1st Edition

Greek Scholars between East and West in the Fifteenth Century

By John Monfasani Copyright 2015
    366 Pages
    by Routledge

    366 Pages
    by Routledge

    Although the immense importance for the Renaissance of Greek émigrés to fifteenth-century Italy has long been recognized, much basic research on the phenomenon remains to be done. This new volume by John Monfasani gathers together fourteen studies filling in some of the gaps in our knowledge. The philosophers George Gemistus Pletho and George Amiroutzes, the great churchman Cardinal Bessarion, and the famous humanists George of Trebizond and Theodore Gaza are the subjects of some of the articles. Other articles treat the émigrés as a group within the wider frame of contemporary issues, such as humanism, the theological debate between the Orthodox and Roman Catholics, and the process of translating Greek texts into Latin. Furthermore, some notable Latin figures also enter into several of the articles in a detailed way, specifically, Nicholas of Cusa, Niccolò Perotti, and Pietro Balbi.

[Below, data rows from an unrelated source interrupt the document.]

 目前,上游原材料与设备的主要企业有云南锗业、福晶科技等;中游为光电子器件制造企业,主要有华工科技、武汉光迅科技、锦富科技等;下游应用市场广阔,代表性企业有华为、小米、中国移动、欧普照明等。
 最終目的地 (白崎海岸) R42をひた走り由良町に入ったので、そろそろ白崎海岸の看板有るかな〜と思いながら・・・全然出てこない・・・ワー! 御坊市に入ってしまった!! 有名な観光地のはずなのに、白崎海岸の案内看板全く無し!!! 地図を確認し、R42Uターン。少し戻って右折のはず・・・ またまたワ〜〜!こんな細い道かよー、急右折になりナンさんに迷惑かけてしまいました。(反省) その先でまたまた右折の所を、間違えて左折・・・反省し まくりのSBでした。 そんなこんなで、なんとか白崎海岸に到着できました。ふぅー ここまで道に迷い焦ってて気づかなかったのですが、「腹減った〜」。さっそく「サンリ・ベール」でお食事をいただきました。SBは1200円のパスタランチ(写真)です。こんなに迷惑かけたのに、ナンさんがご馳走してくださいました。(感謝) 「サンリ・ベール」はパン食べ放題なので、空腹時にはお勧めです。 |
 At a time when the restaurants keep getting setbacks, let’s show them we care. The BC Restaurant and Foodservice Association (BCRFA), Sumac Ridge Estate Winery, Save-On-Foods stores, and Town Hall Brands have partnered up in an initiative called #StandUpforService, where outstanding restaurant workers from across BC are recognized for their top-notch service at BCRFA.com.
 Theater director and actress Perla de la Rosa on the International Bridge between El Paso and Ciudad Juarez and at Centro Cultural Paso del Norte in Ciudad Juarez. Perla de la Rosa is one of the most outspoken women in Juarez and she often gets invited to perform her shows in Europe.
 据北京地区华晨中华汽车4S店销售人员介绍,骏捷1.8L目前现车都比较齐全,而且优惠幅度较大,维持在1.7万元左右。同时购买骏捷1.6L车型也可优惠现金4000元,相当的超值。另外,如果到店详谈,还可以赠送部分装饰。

    Contents: Preface; The Greeks and Renaissance humanism; The pro-Latin apologetics of the Greek émigrés to quattrocento Italy; Pletho’s date of death and the burning of his Laws; George Gemistus Pletho and the West: Greek émigrés, Latin scholasticism, and Renaissance humanism; The ‘lost’ final part of George Amiroutzes’ Dialogus de Fide in Christum and Zanobi Acciaiuoli; A note on George Amiroutzes (c. 1400-c. 1469) and his moral argument against the transmigration of souls; Cardinal Bessarion’s own translation of the In Calumniatorem Platonis; Niccolò Perotti and Bessarion’s In Calumniatorem Platonis; Cardinal Bessarion’s Greek and Latin sources in the Plato-Aristotle controversy of the 15th century and Nicholas of Cusa’s relation to the controversy; The pre- and post-history of Cardinal Bessarion’s 1469 In Calumniatorem Platonis; A tale of two books: Bessarion’s In Calumniatorem Platonis and George of Trebizond’s Comparatio Philosophorum Platonis et Aristotelis; Aristotle as scribe of nature: the title-page of MS Vat. Lat. 2094; George of Trebizond’s critique of Theodore Gaza’s translation of the Aristotelian Problemata; Some quattrocento translators of St Basil the Great: Gaspare Zacchi, Episcopus Anonymus, Pietro Balbi, Athanasius Chalkeopoulos, and Cardinal Bessarion; Addenda et corrigenda; Indexes.

    Biography

    John Monfasani is Professor in the Department of History, State University of New York at Albany, USA.